The cop yanked on Curtis’s shirt. “Bullshit. That guitar’s in good shape. Even you people aren’t stupid enough to throw out something new.” Curtis did not remove his eyes from Lawson’s face. Lawson shook Curtis again. “What are you looking at, nigger?”

“I didn’t steal anything,” said Curtis, calmly.

“Bullshit!” yelled Lawson, and he pushed Curtis back so hard he fell to the ground. Curtis sat there, knees bent, arms supporting his weight, looking at Lawson as if interested in what he’d do next. Lawson stepped toward Curtis as if approaching a football, and kicked him, hard, in the thigh. Curtis made a noise, and Cory gasped.

“Ssshh,” said Jimmy, tightening his grip on Cory’s shoulder. He pressed hard against the fence, feeling and ignoring something sharp against his cheek.

On the other side of the fence, Lawson pulled Curtis up with both hands. “I know you, boy.
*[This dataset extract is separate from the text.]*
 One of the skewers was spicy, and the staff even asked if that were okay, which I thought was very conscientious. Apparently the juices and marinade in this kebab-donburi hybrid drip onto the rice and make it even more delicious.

You’re the punk who broke into Audubon. My fellow cop was
real
upset he didn’t get to punish you himself.” He laughed. “I’ll have to tell him that you’ve moved on to robbery.”

“I haven’t.”

“Shut up.” Then he leaned back for leverage and punched Curtis in the cheek, and then once more in the jaw. Curtis’s head jerked back again, and spit and blood flew. Quietly, in Jimmy’s arms, Cory began to cry. Jimmy banged his head against the fence in frustration.

“You just try to tell me again,” said Lawson, “about how you didn’t steal anything. What do you have to say for yourself now?”
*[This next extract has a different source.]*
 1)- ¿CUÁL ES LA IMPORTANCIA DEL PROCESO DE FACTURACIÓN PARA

Curtis’s mouth was swelling and there was blood all over his chin; he just turned to Lawson and looked at him. The
V
of Lawson’s eyebrows got steeper and he grabbed Curtis’s shirt again.

“Say something, nigger!”

But Curtis still did not respond.

Lawson’s face grew redder and his lips pulled back into a snarl. “You fucking smart-ass coon,” he said. “You think you’re too fucking good to talk to me?” Then he let go of the shirt just as he pulled his fist back; it was like he was tossing up Curtis’s head to smash a serve. When he hit Curtis this time, the blow was much harder, and Curtis’s body swiveled a quarter of a turn before falling dully to the ground. He landed heavily and grunted, then brought his hands to his head. He pulled his legs up and curled into himself.
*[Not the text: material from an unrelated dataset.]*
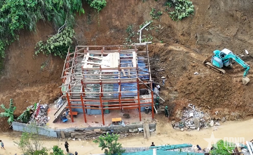 Bộ đội hỗ trợ người dân tháo dỡ nhà bị đất đá sạt lở tại thôn Nặm Sai, xã Cao Minh, tỉnh Thái Nguyên. |

“Yeah,” said Lawson, shaking out his fist, “you’re not looking at me
now
, boy, are you? Don’t think I’m so funny now, do you?”

He stepped up to Curtis and kicked him three more times—twice in the legs and once in the back of the head. Then he leaned over, as if he were about to spit on him, but just glared, enjoying his work. And it was then, as he stood up straight again, that he looked over to the fence. He couldn’t see Cory and Jimmy—they were obscured by the plastic—but the boys both saw him clearly. They saw the thin, sharp nose, the tight lips and narrowed eyes, as the cop yelled out a warning. “Next time, boys, I’m not gonna let you get away!” Then he walked back to the end of the alley and drove off.

When he was gone, Cory and Jimmy scrambled out from behind the fence and ran over to where Curtis was lying. His lips and nose were bloody, his right eye was starting to swell. There was a growing stain of blood on his T-shirt and spots of blood on the concrete beneath him. He lay very still, and breathed slowly and hard. Cory and Jimmy kept touching him, laying hands on his shoulders, knees, hands, head, less to comfort him than to convince themselves that all of him was there. They were so concerned with Curtis that Jimmy didn’t notice his own blood, dripping from the gash on his cheek where he’d sliced his face on the broken fence. No tears escaped their eyes now, but Jimmy felt them welling in his throat; with the slightest noise from Curtis, he knew he would break. But Curtis did not complain. He didn’t groan or cry. And when, twenty minutes later, he finally pulled himself up into a sitting position, what he said was, “Don’t tell Mama and Daddy what happened.”

Cory looked him, puzzled. “Why?”

“Just don’t,” Curtis answered, holding his side. “I’ll say I got into a fight or something.”

“Well, what are you gonna do?”

“I’m gonna go see Mr. Sakai,” Curtis said. And slowly, wincing, he made himself stand, and limped off to the end of the alley.